A solução chegou mais cedo para Serra, em fevereiro de 2013, quando o físico Mauro Paternostro, da Queen’s University, em Belfast, Irlanda, apresentou um seminário na UFABC sobre propostas inéditas de se observar o trabalho produzido por partículas de luz de maneira indireta. Logo Paternostro, atualmente professor visitante na UFABC, e Laura Mazzola, sua colega em Belfast, começaram a discutir com Serra, Auccauise e o estudante de doutorado na UFABC Tiago Batalhão como adaptar essas técnicas para observar o trabalho dos spins de carbono indiretamente. Com John Good, da Universidade de Oxford, Inglaterra, a equipe descobriu um modo esperto de usar os spins dos núcleos de hidrogênio das moléculas de clorofórmio para espiar o que acontece com os spins dos átomos de carbono enquanto realizam trabalho, sem interferir no processo.

A precisão do experimento foi suficiente para registrar variações de temperatura nos spins de carbono da ordem de bilionésimos de graus e verificar que a equação de Jarzinsky vale na escala subatômica. Outro resultado interessante: os spins de carbono possuem uma tendência maior de extrair energia das ondas de rádio quando a amplitude do pulso de onda é reduzida. A tendência se inverte quando a amplitude de onda é aumentada: os spins tendem a transferir energia para as ondas, ou seja, fazer trabalho sobre as ondas.

“Podemos explorar essa diferença para criar uma máquina térmica quântica”, diz Serra.

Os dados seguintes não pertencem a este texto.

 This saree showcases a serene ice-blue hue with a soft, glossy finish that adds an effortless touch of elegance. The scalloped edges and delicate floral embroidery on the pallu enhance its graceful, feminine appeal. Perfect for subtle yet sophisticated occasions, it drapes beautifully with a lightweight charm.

A máquina funcionaria alternando pulsos de amplitude reduzida e aumentada entre dois estados de equilíbrio térmico, cada um com uma temperatura diferente. A máquina funcionaria de maneira parecida com a de um motor a combustão, que realiza trabalho mecânico com parte da energia química transformada em calor com a explosão do combustível.

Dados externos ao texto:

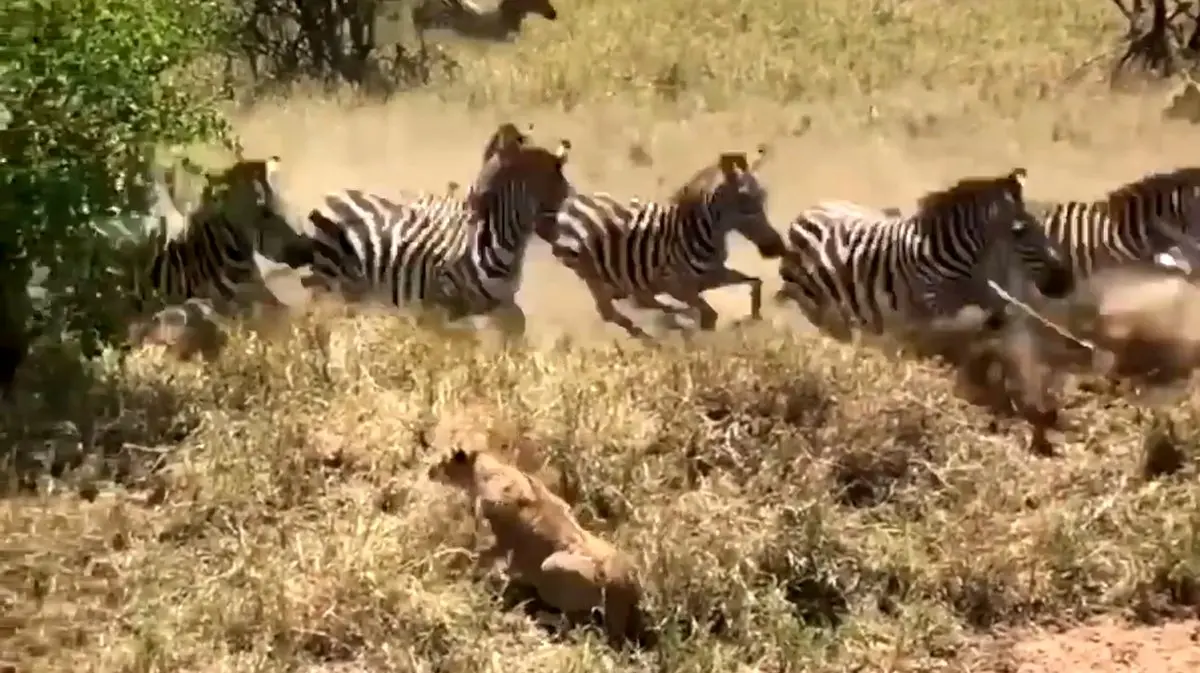 این ویدئو که در ماسایی مارا ضبط شده، کمین یک ماده شیر برای شکار گورخرها را نشان میدهد اما گله گورخرها قصد فرار دارند، اما شیر حواس پرت متوجه حجم عظیم گورخرها نیست و زیر لگد آنها له میشود.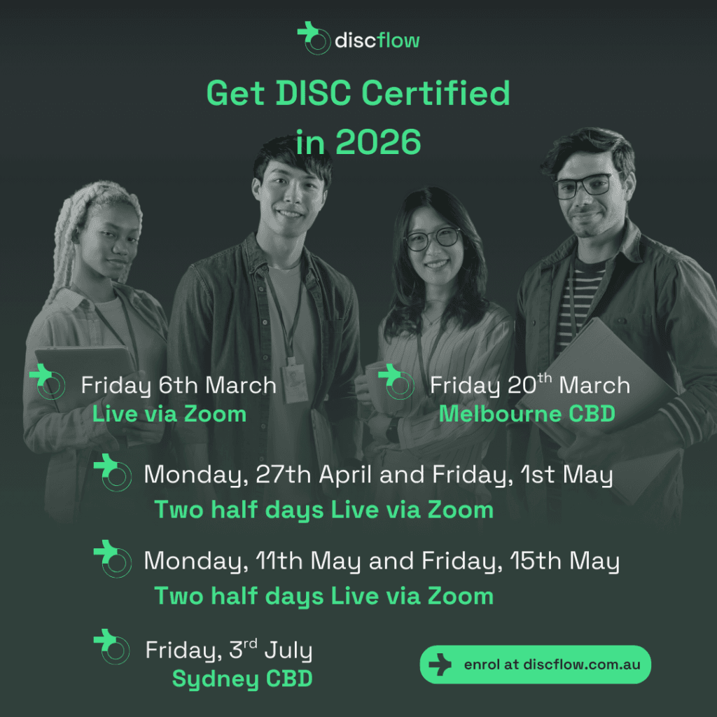 At Discflow Australia we provide everything from Discflow Reports, DISC Certification and DISC Workshops. Check out our website for info: www.discflow.com.au or get in touch: jess@discflowpapac.com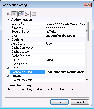 - Connection String プロパティのボタンをクリックします。Connection String Options ダイアログが表示されます。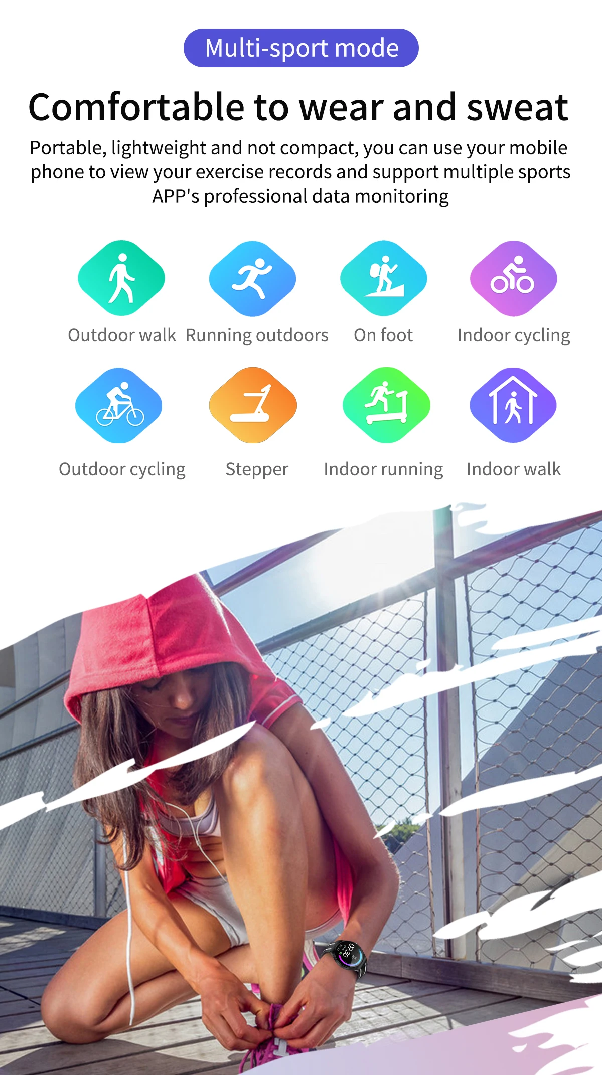 Удобно носить и переносить пот, легкий и не компактный, вы можете использовать свой мобильный телефон для просмотра записей упражнений и поддержки профессионального мониторинга данных нескольких спортивных приложений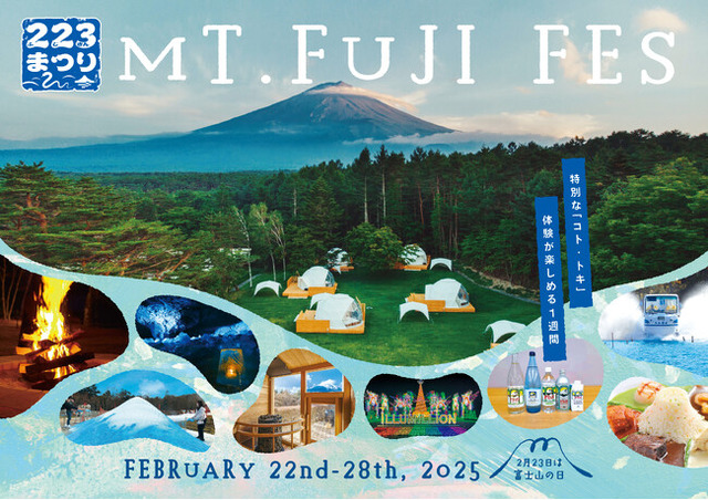 富士急行株式会社(所在地:山梨県富士吉田市)では、2025年2月23日(日)の「富士山の日」を記念して、「223(ふじさん)まつり」を開催いたします。期間は2月22日(土)~2月28日(金)の1週間、富士山周辺エリアに位置する様々な富士急グループの施設において、お客様が普段は体験できない特別な「コト・トキ」を提供するイベントです。
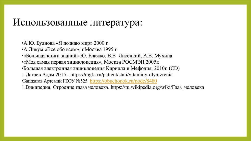 1.Википедия. Строение глаза человека. https://ru.wikipedia.org/wiki/Глаз_человека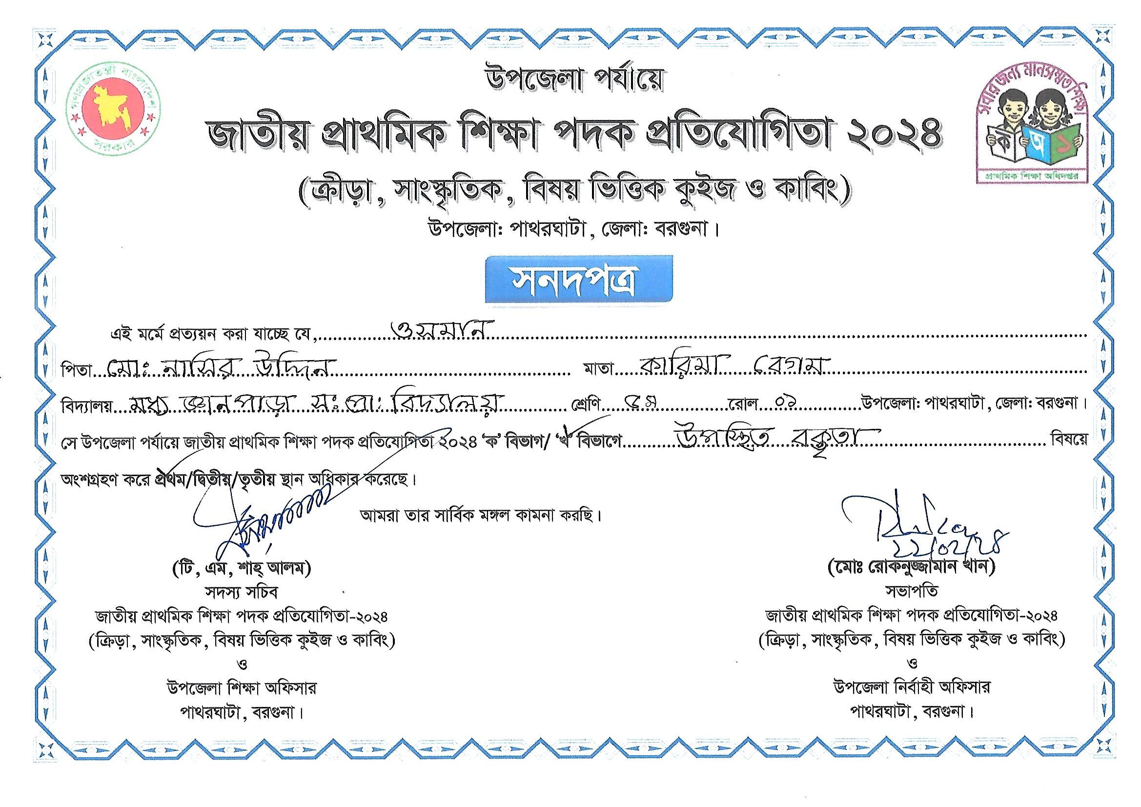২০২৪ সালে পাথরঘাটা উপজেলার ১৪৯ টি প্রাথমিক বিদ্যালয়ের শত শত শিক্ষক প্রতিযোগিকে পিছনে ফেলে প্রাথমিক বিজ্ঞান বিষয়ের মাস্টার ট্রেইনার হওয়ার গৌরব অর্জন করেন অত্র বিদ্যালয়ের সহকারী শিক্ষক জনাব ইমরান খান।

A máquina de spins teria pouca utilidade: o trabalho produzido forneceria uma energia ínfima para as ondas de rádio, apenas suficiente para mexer o spin de um núcleo atômico qualquer. Serra está mais interessado em medir quanta energia ela gasta e quanto calor ela dissipa durante seu funcionamento.

“A técnica aplicada nesse experimento tem grande potencial”, diz o físico Lucas Céleri, da Universidade Federal de Goiás, que planeja observar a termodinâmica de uma única partícula de luz em parceria com os físicos Paulo Souto Ribeiro e Stephen Walborn, da Universidade Federal do Rio de Janeiro. “Avanços experimentais são muito raros na termodinâmica quântica, devido à necessidade de controlar o sistema quântico e seu isolamento do ambiente.”